Be able to describe the mechanism of action of pyrimethamine, and its therapeutic uses when combined with certain sulfonamides.
a) Pyrimethamine is a DHFR inhibitor, preventing formation of tetrahydrofolic acid.
Be able to describe the main bacterial resistance mechanisms to sulfonamides.
a) Mutations that cause overproduction of PABA.
b) Mutations in the target enzyme (dihydropteroate synthase) that decrease its affinity for the sulfonamides.
c) Mutations that result in a decrease in cell permeability to the sulfonamides.
Be able to characterize the pharmacokinetics of the main sulfonamides.
a) TMP is absorbed and distributed more rapidly than sulfonamides. It is cleared in the urine.
b) SMX is widely distributed in the body including the CSF and is also rapidly eliminated. SMX is not as widely distributed as TMP because of the differences in lipophilicity.
Be able to specify how the sulfonamides are metabolized in humans.
a) Metabolized by N-4 N-acetylation and in some cases N-1 glucuronidation. The metabolites have NO antibiotic activity. Hydroxylamine and nitroso metabolites are toxic.
b) Human population can be divided into rapid and slow acetylators. This affects rate of metabolism of sulfonamides in humans.
Be able to recognize the structure of colistin and describe its mechanism of action.
a) Polycation that has lipophilic regions, so the overall structure resembles that of a cationic detergent that is able to solubilize bacterial membranes. The ammonium cations are able to displace cations in the bacterial cell membrane (Mg++ and Ca++) and facilitates binding of the antibiotic to anionic lipopolysaccharides in the cell membrane.
Be able to recognize the structure of metronidazole and describe its main therapeutic use and mechanism of action.
a) Useful for treatment of anaerobic bacteria and protozoa. DRUG of CHOICE for treatment of 1st episodes of mild-moderate C. diff infections.
b) MOA: partial reduction of the nitro group in anaerobic bacteria leads to a radical anion that degrades bacterial DNA.

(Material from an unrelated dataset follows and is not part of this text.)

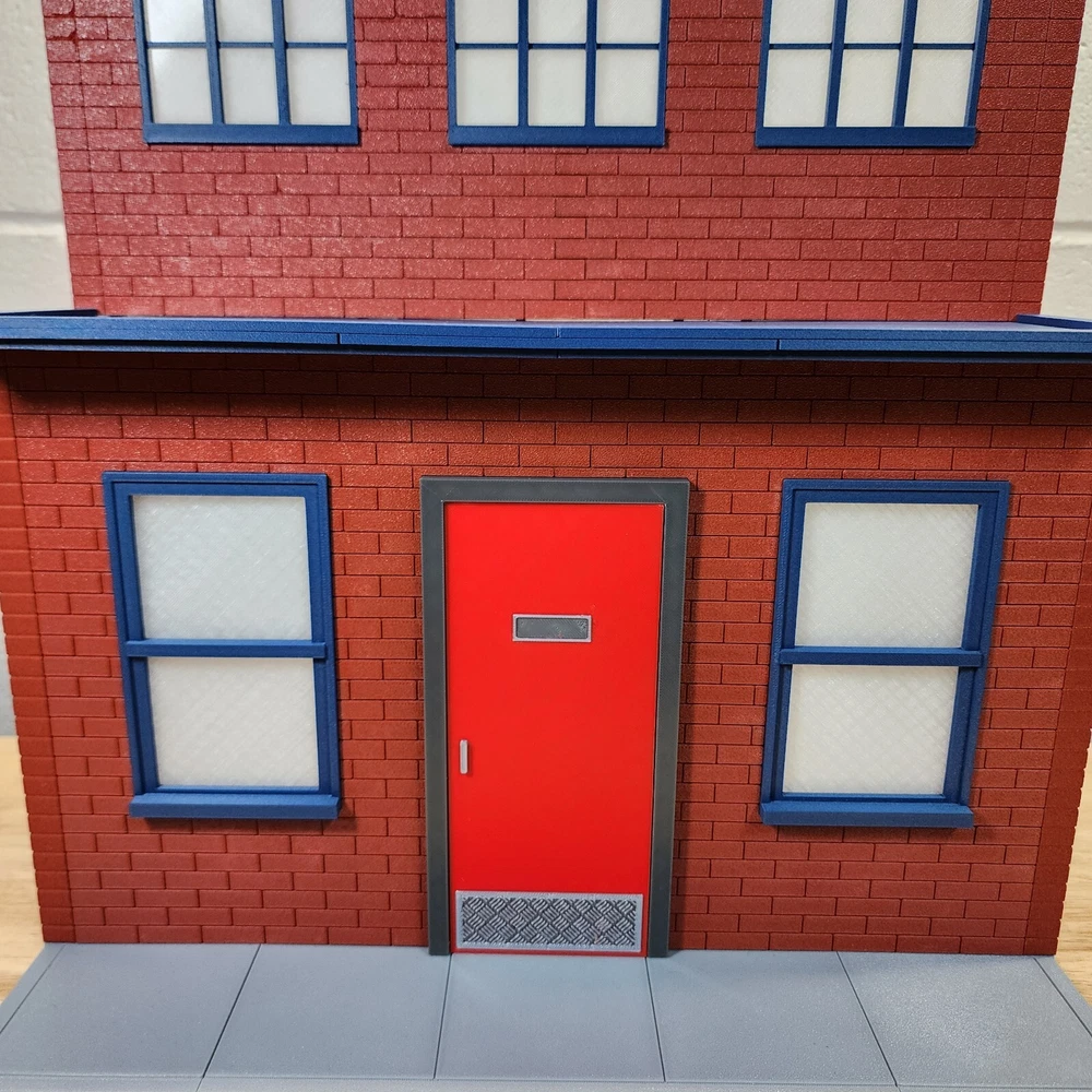 1/12 Scale Street Scene Diorama V2 Brick Red– Custom Building with Red Door and Brick Texture Description: Elevate your action figure displays with this intricate 1/12 scale Street Scene Diorama. Perfect for 6 and 7-inch action figures, this diorama offers an authentic urban backdrop for your collection. Featuring a striking red door, detailed brickwork, and large windows, this handcrafted piece brings the feel of a real city street right to your display shelf. With 64 individual pieces that will need to be snap and glued together, it’s ideal for customizing and building out a full scene. Diorama display is made to order, please allow five business days before shipping. Features: Detailed Brick Texture: Each brick is designed to provide a realistic urban aesthetic, perfect for any diorama enthusiast. Bold Red Door: The vibrant red door creates a visually appealing focal point for your scene. Large Windows: Classic arched windows that enhance the building’s urban character. 64-Piece Design: Easy to assemble and customize with endless possibilities for creative setups. Sturdy Base: The included base features a concrete-style finish, offering both stability and a lifelike sidewalk appearance. Dimensions: Height: 18.9 inches Width: 15.5 inches Depth: 6.7 inches Door Height: 7.2 inches Ideal For: NECA figures (6-7 inches) Mezco Toyz figures Star Wars Black Series (Hasbro) Marvel Legends (Hasbro) DC Multiverse figures Storm Collectibles Super7 Ultimates S.H. Figuarts Mafex figures Mythic Legions GI Joe Classified Series Diamond Select Toys McFarlane Toys (6-inch figure lines) Materials: Constructed from high-quality plastic What’s Included: Two-story building with realistic brick texture 64 individual pieces for easy assembly and customization Concrete-style base

Be able to recognize the structures of Lefamulin acetate and pretomanid and describe their mechanisms of action and therapeutic uses.
a) Lefamulin acetate:
i) Uses: community-acquired bacterial pneumonia
ii) MOA: selective binding to the peptidyl transferase center of the 50S ribosomal subunit to prevent bacterial protein synthesis.
b) Pretomanid:
i) Uses: treatment-resistant tuberculosis
ii) MOA: inhibits mycolic acid biosynthesis through an unknown mechanism, and poisons respiration (mitochondria) through generation of nitric oxide.